--- EXERCISE MATERIAL Enclosed Below ---
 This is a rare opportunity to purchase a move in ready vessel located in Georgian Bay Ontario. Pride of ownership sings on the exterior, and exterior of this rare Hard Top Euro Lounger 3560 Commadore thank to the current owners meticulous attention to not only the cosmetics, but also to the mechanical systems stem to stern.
--- End of Enclosed EXERCISE MATERIAL ---
--- EXERCISE MATERIAL Enclosed Below ---
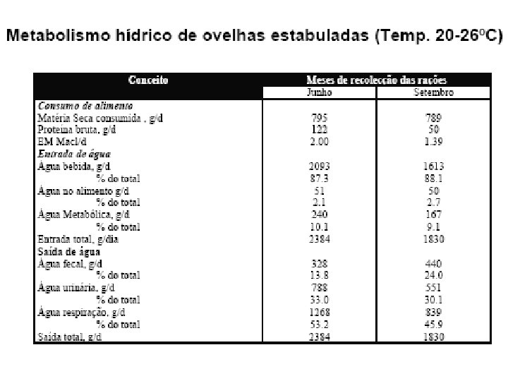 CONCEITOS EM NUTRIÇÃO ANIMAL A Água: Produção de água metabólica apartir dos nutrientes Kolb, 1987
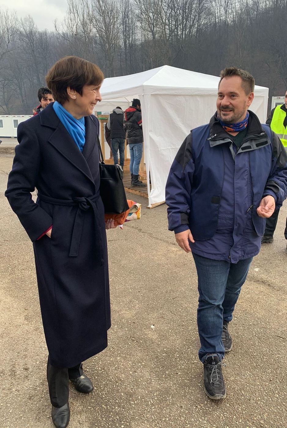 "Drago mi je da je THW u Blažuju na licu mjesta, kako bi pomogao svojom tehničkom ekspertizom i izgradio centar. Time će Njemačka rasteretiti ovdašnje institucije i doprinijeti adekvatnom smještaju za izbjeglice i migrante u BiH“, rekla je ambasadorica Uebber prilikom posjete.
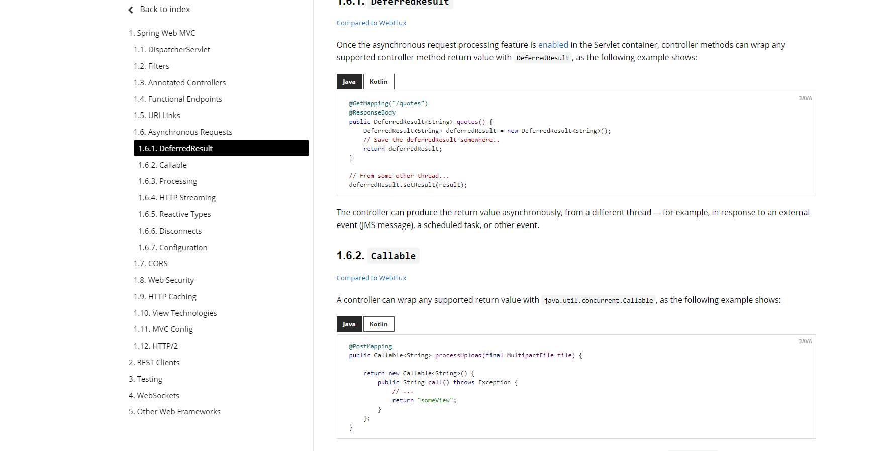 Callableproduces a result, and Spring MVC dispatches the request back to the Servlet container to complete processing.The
--- End of Enclosed EXERCISE MATERIAL ---
BRIEF: Using the data above, print only the lines starting at the one with "CONCEITOS EM NUTRIÇÃO" and ending at the one with "Callableproduces a result, and", exactly as they stand, minus the pictures.

ANSWER TO THIS EXERCISE:
 CONCEITOS EM NUTRIÇÃO ANIMAL A Água: Produção de água metabólica apartir dos nutrientes Kolb, 1987
 "Drago mi je da je THW u Blažuju na licu mjesta, kako bi pomogao svojom tehničkom ekspertizom i izgradio centar. Time će Njemačka rasteretiti ovdašnje institucije i doprinijeti adekvatnom smještaju za izbjeglice i migrante u BiH“, rekla je ambasadorica Uebber prilikom posjete.
 Callableproduces a result, and Spring MVC dispatches the request back to the Servlet container to complete processing.The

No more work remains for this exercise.